One of the most prominent approaches included investing into an opportunity with a secure return - such as asset backed investment or deals where contracts are already in place for the lifetime of the project - where there is little risk. Therefore it was announced that there would be a risk to capital condition introduced to minimise the use of the schemes in this way.

While the specifics of the interpretation are still not completely clear at the moment, the general focus is - investors should be investing into EIS-eligible companies with the primary focus being to support the company; the tax reliefs should simply be an incentive to do so.

The Finance Bill has given us two clear checks that will be made in assessing this, which provides a checklist for potential companies to determine whether they will be eligible:

  • the issuing company has objectives to grow and develop its trade in the long-term
  • there is a significant risk there will be a loss of capital of an amount greater than the net investment return

Alongside this, HMRC has given some further guidance that makes it clearer how these will be assessed.

To satisfy the first check there should be an ambition to increase staff numbers or revenue in the long-term. While long term has not been defined, this could limit the use of the scheme for Special Purpose Vehicles (SPVs), where there is a defined project to complete in a specific time frame, generally without scope for future expansion.

To satisfy the second condition requires a much more complex analysis. Current guidance is that it would be considered whether there is a guaranteed source of income or asset backing and this would be weighed against the risk of these not returning an investment.

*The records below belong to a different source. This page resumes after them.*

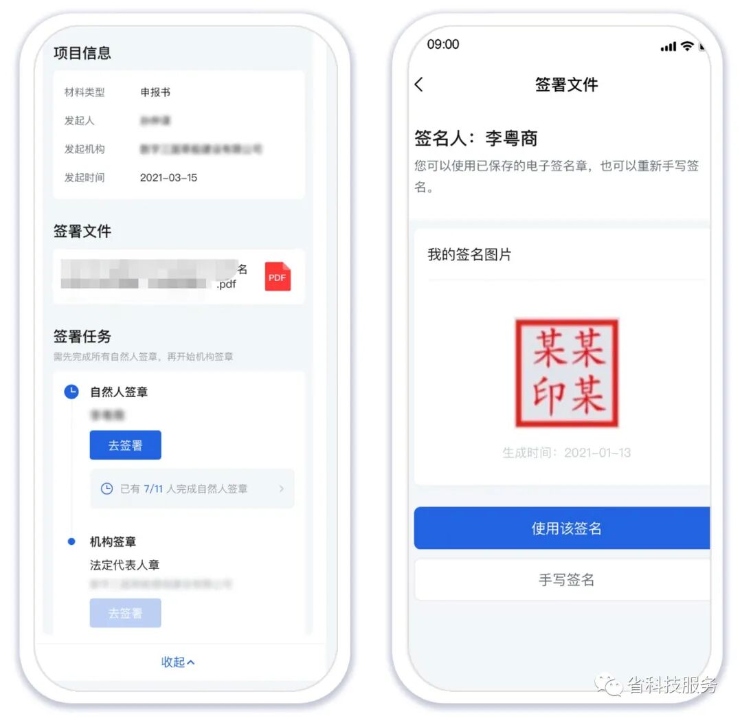 使用“科技项目电子签章”功能以后,指尖轻点即可完成签名盖章的所有步骤,方便又快捷。
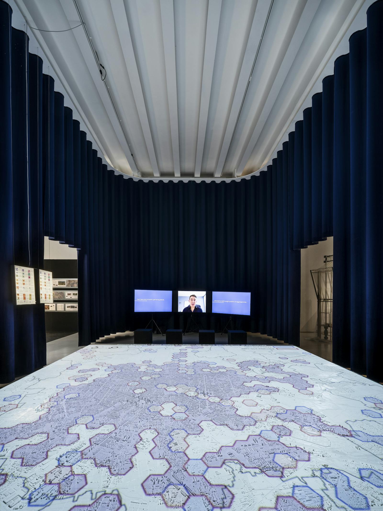 Modello fisico con proiezione dati – DAStU, Politecnico di Milano: Nicola Colaninno (progettazione, dati e mappe), Gabriele Stancato e Doruntina Zendeli (dati, mappe ed elaborazione proiezioni), Nilva K. Aramburu Guevara, Martina Bovo, Massimo Bricocoli, Lorenzo Caresana, Grazia Concilio, Alessandro Coppola, Marta Cordini, Mohamed Elgohary, Maryam Karimi, Giovanni Lanza, Cristiana Mattioli, Andrea Parma, Marco Peverini, Paola Pucci, Daniele Viarengo (dati e mappe), Eugenio Morello e Barbara E. A. Piga (supervisione) con il supporto di Viviana Giavarini e Fabio Manfredini (MAUD - Mapping & Urban Data Lab).
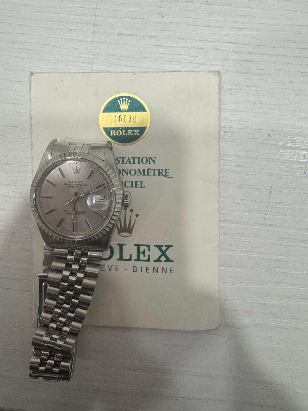 Marca Rolex Modello (Orologio) Datejust 36 Numero di referenza 16030 Carica Automatico Materiale della cassa Acciaio Materiale cinturino Acciaio Anno di produzione 1990 (Anno approssimativo) Condizione Usato (Buono) Corredo Senza scatola originale, con documenti originali Cassa Materiale della cassa Acciaio Diametro 36 mm Impermeabile 10 ATM Materiale lunetta Acciaio Vetro Plexiglas Numeri sul quadrante Senza numeri Cinturino Materiale cinturino Acciaio Colore cinturino Acciaio Chiusura Déployante Materiale chiusura Acciaio
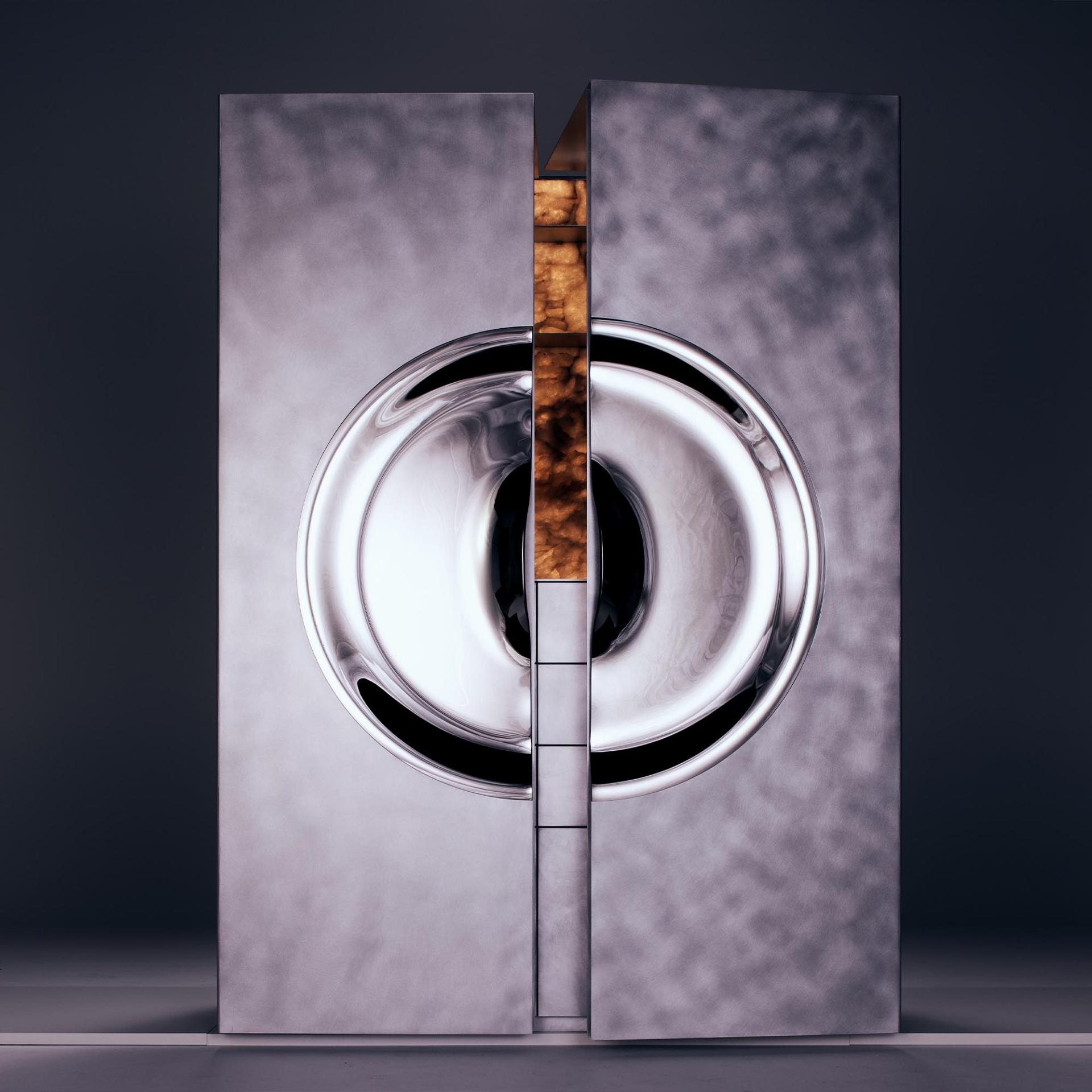 Inspired by celestial geometry and the quiet mystique of the Orion constellation, the cabinet presents a monolithic silhouette crafted from brushed aluminium in a refined silver tone. Its clean architectural planes frame a luminous circular centerpiece: a hand-formed art-glass handle, designed and created by Artis Nīmanis. The handle functions as both a practical element and a jewel-like focal point, reflecting light and adding depth to the cabinet’s sculptural façade.
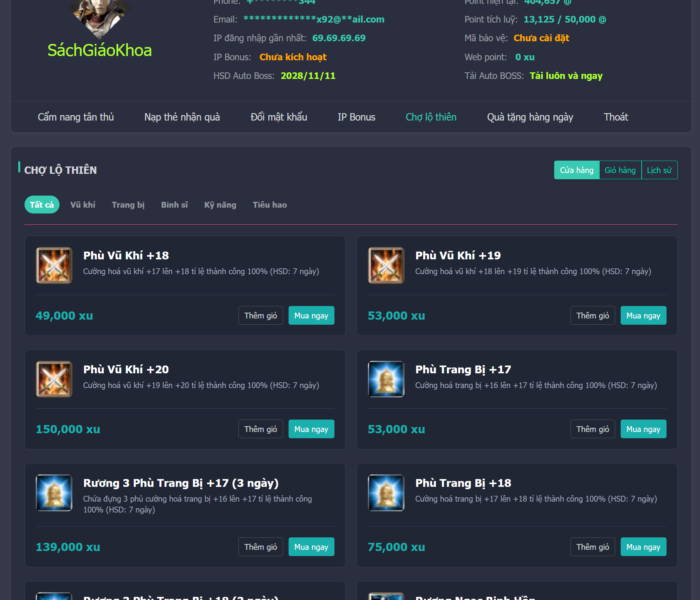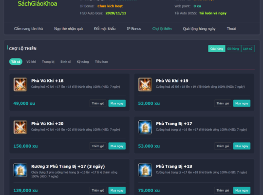 Hi các bác, Các bản cập nhật gần đây có thêm 1 vật phẩm là Đồng Tiền Bang Hội, giúp.
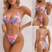 Floral printed bikini set, this summer's fashion weapon. Lined, soft-cup bikini top with a drawstring at front. No fasteners. Bikini bottoms with regular waistline.
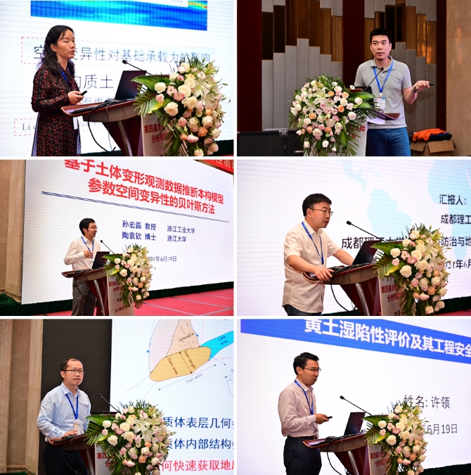 会议期间,各位专家学者以目前各自所属的专业方向及具体研究成果为主要内容,为线下线上参会人员作了精彩的学术报告。Beat365中文官方网站(武汉)唐辉明教授以《基于演化的滑坡防控理论与方法技术》为题作会议特邀报告,美国克莱姆森大学C. Hsein Juang教授在线上作《地质/地层/岩土模型不确定性的量化及影响评价》的特邀报告,同济大学黄宏伟教授以《工程风险管控存在的问题与适应性风险管理》为题作特邀报告,武汉大学李典庆教授以《Copula理论在岩土工程不确定性与可靠性分析中应用进展》为题作特邀报告,重庆大学周小平教授以《场富集有限元法及其应用》为题作特邀报告,中国大地保险张帆总经理应邀以《IDI的实践与思考》为题作特邀报告。
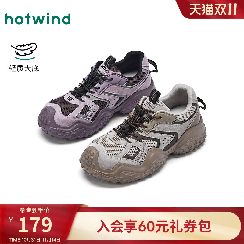 热风运动休闲鞋女2025年冬季新款撞色百搭厚底鞋子小个子户外女鞋

The management structure will also be reviewed to determine whether the investment involves significant control from the promoter/manager being involved alongside investors, ensuring the return of capital without significant risk. Likewise, the company structure will be considered, looking at whether the business has been fragmented to maximise the tax reliefs that can be claimed by investors.

It has also been stressed that while these will be considered, this does not necessarily mean that the risk-to-capital condition will not be met. For example, a management structure where the promoter is involved in the company does not mean it will not be met, provided the founder is independent and has a meaningful stake.

The effect on EIS investment

Our focus at Growth Capital Ventures has always been to drive forward the next generation of British businesses. As such, we've always aimed to ensure the tax reliefs available under the EIS are seen as a secondary part to making an investment - essentially ensuring the scheme is used as it was originally intended.

However, we appreciate the new condition will undoubtedly have an impact on the wider EIS and where this will most be felt is in industries such as film production, which has seen a high level of investment, often through the use of an SPV. Having pre-sold screening rights, a return is practically guaranteed and there's a limited scope of continued growth.

Other examples include companies set up to satisfy a specific contract where the investment manager is appointed to run the companies over a defined term, or building, construction and management contracts with a defined completion and sale target in the future.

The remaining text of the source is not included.